EDIT: And Victor's approach, taking unique before joining, is quite a bit faster:
N <- 1e5*26
x <- data.table(x = 1:N, y = letters, z = rnorm(N))
setkey(x, x)
y <- data.table(x = sample(N, N/10, replace = TRUE), z = sample(letters, N/10, replace = TRUE))
setkey(y, x)
require(microbenchmark)
microbenchmark(
sJ=x[eval(sJ(x,y))],
dolla=unique(x[eval(y$x)]),
brack=x[eval(unique(y[['x']]))]
)
Unit: milliseconds
expr min lq median uq max neval
# sJ 120.22700 125.04900 126.50704 132.35326 217.6566 100
# dolla 105.05373 108.33804 109.16249 118.17613 285.9814 100
# brack 53.95656 61.32669 61.88227 65.21571 235.8048 100
I'm guessing the [[
vs $
doesn't help the speed, but didn't check.
Upvotes: 3
Reputation: 49448
I'm confused with all the not-joins above, isn't what you want simply:
unique(x[y, .SD])
# x y
#1: 1 a
If x
can have duplicate keys, then you can unique y
instead:
## Creating an example data.table 'a' three-times-repeated first row
x <- data.table(x = c(1,1,1,2), y = c("a", "a", "a", "b"))
setkey(x, x)
y <- data.table(x = c(1, 1), z = 10:11)
setkey(y, x)
x[eval(unique(y, by = key(y))), .SD] # data.table >= 1.9.8 requires by=key(y)
# x y
# 1: 1 a
# 2: 1 a
# 3: 1 a
Upvotes: 10
Reputation: 31
Try the following:
w <- y[,unique(x)]
x[x %in% w]
Output will be:
x y
1: 1 a
Upvotes: 0
Reputation: 568
This thread is so old.
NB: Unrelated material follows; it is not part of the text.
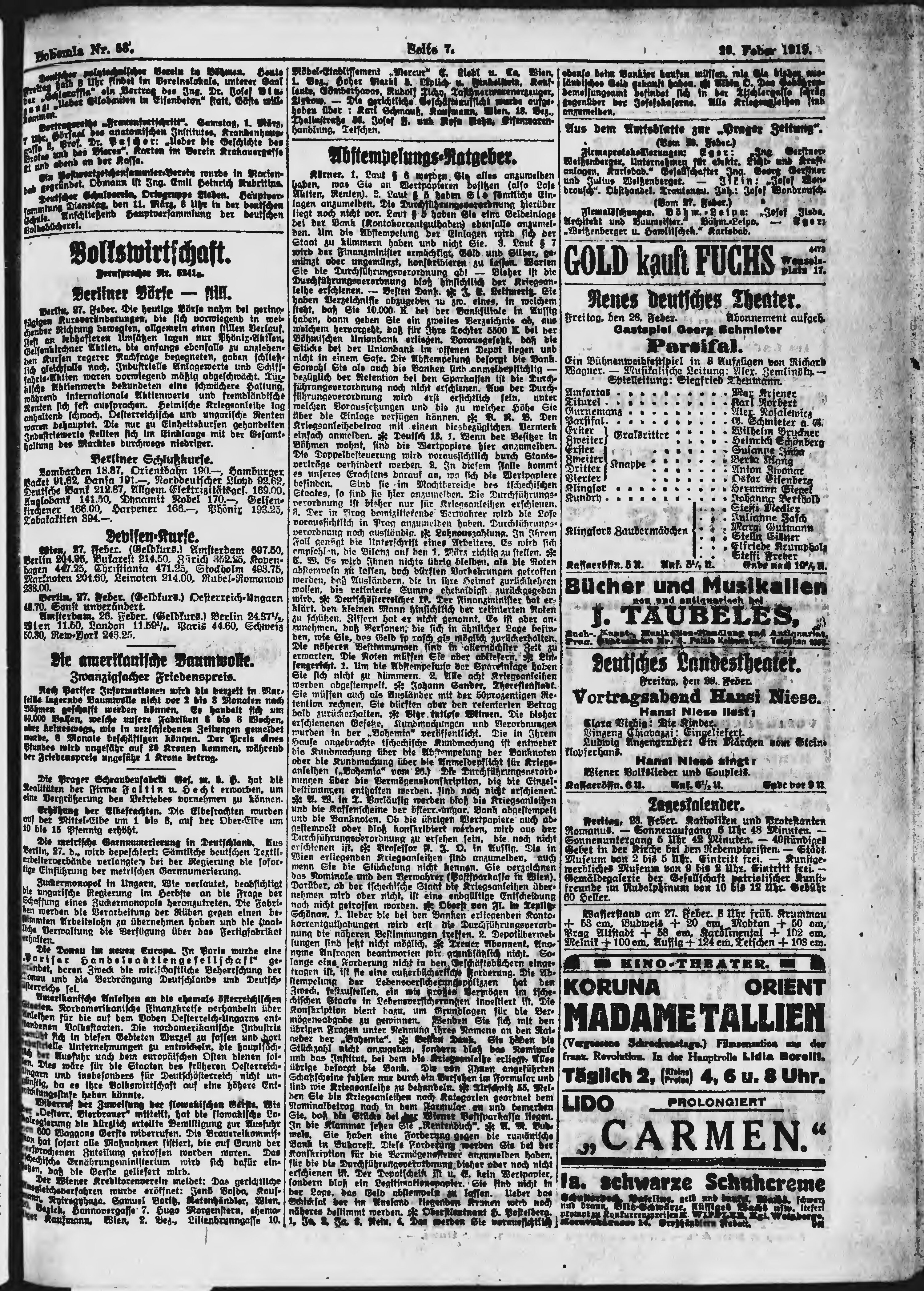 * Datum vydání výtisku: 28.2.1919 Číslo výtisku: 58 Poznámky k výtisku: ranní vydání;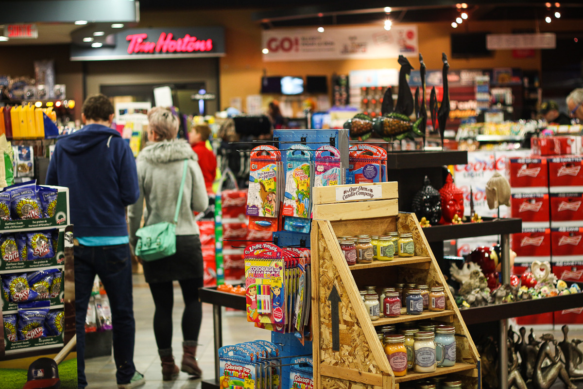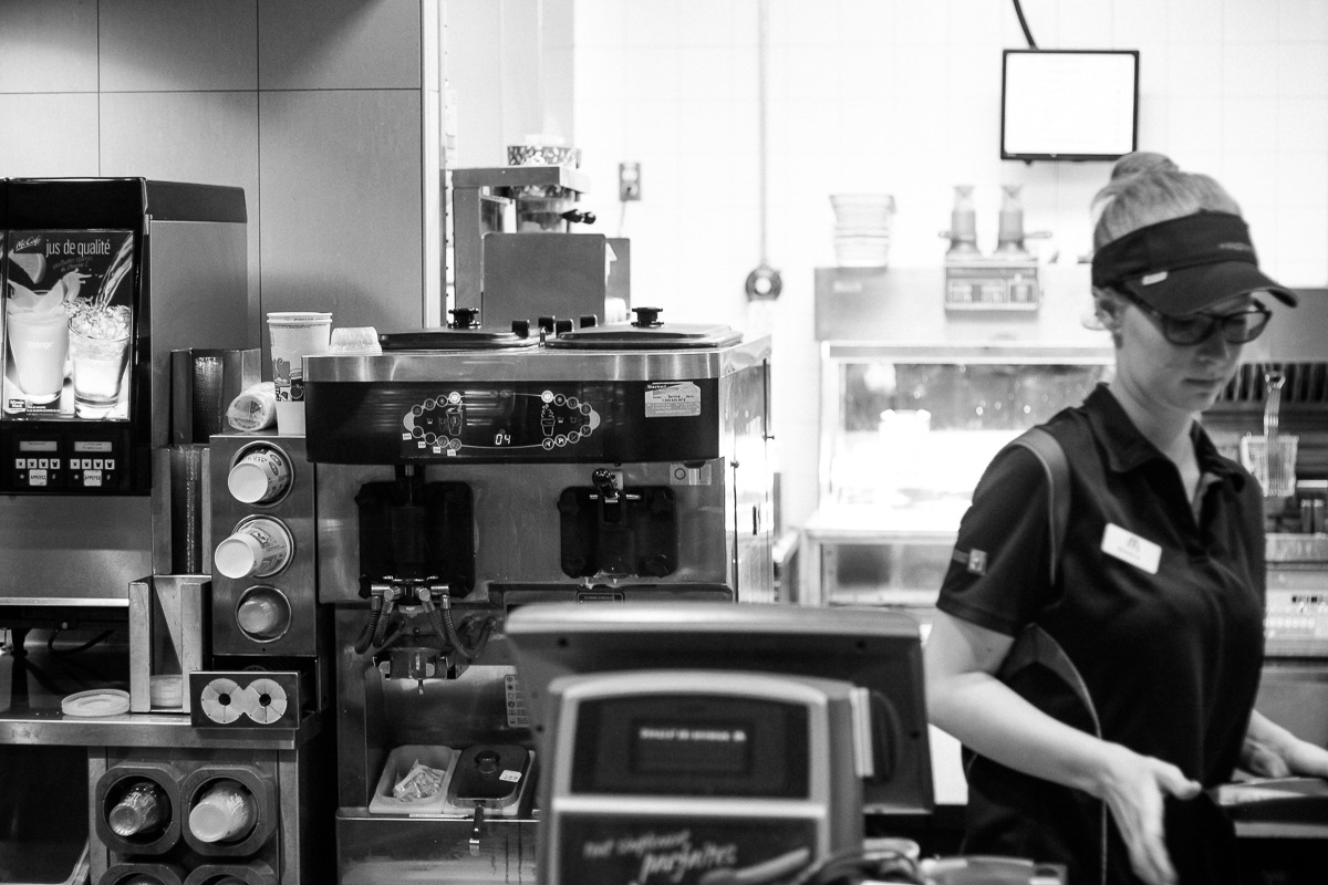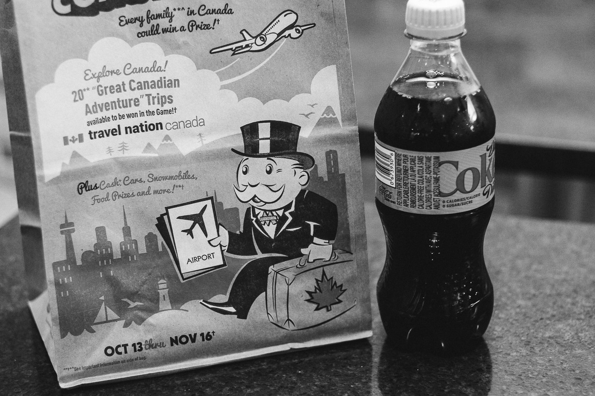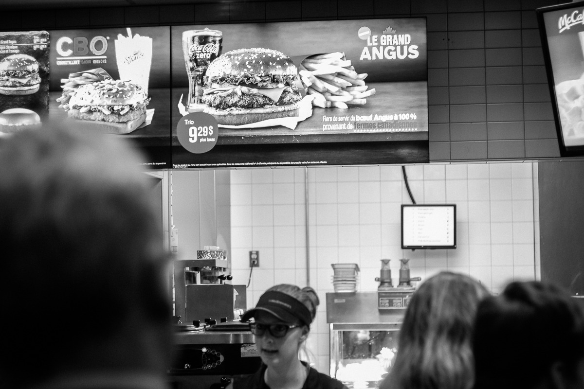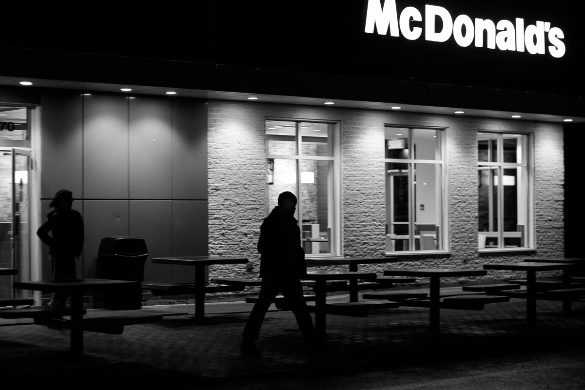 얼마 가지 않아 한국처럼 도로 한쪽에 떡하니 세워진 휴게소가 보이지 않는다는 걸 깨달았다. 대신 출구 번호와 기업의 브랜드가 병기된 표지판만 끝없이 나타날 뿐이었다. 맥도널드, A&W, 생튀베흐 익스프레스St-Huberts Express와 팀 호턴Tim hortons. 쿠쉬 타흐Couch-Tard, 에소Esso, 그리고 페트로-캐나다Petro-Canada. 도시에서라면 무심코 지나쳤을 이름들이 익명의 소도시 분기점 앞에서, 핼러윈 장식을 처마에 걸어둔 모형 같은 집 옆에서, 창백하게 푸른 우듬지 위에서 새롭게 읽혔다. 그곳에선 달착지근한 냄새가 올라오는 바닥에 사람의 그림자 대신 조명의 노란빛이 어른거리고, 의미 없이 틀어놓은 배경음악이 대화 소리를 대신하며, 부들부들 떠는 주유구의 덜그럭거림이 시계와 박자를 맞출 것 같았다.

But I noticed that the solution can be easily derived from the definition of semi-join given in the original post:
"A semi-join is like an inner join except that it only returns the columns of X (not also those of Y), and does not repeat the rows of X to match the rows of Y"
library(data.table)
dt1 <- data.table(ProdId = 1:4,
Product = c("Bread", "Cheese", "Pizza", "Butter"))
dt2 <- data.table(ProdId = c(1, 1, 3, 4, 5),
Company = c("A", "B", "C", "D", "E"))
# semi-join
unique(merge(dt1, dt2, on="ProdId")[, names(dt1), with=F])
ProdId Product
1: 1 Bread
2: 3 Pizza
3: 4 Butter
I've simply applied the syntax of inner-join, followed by filtering columns from first table only, with unique()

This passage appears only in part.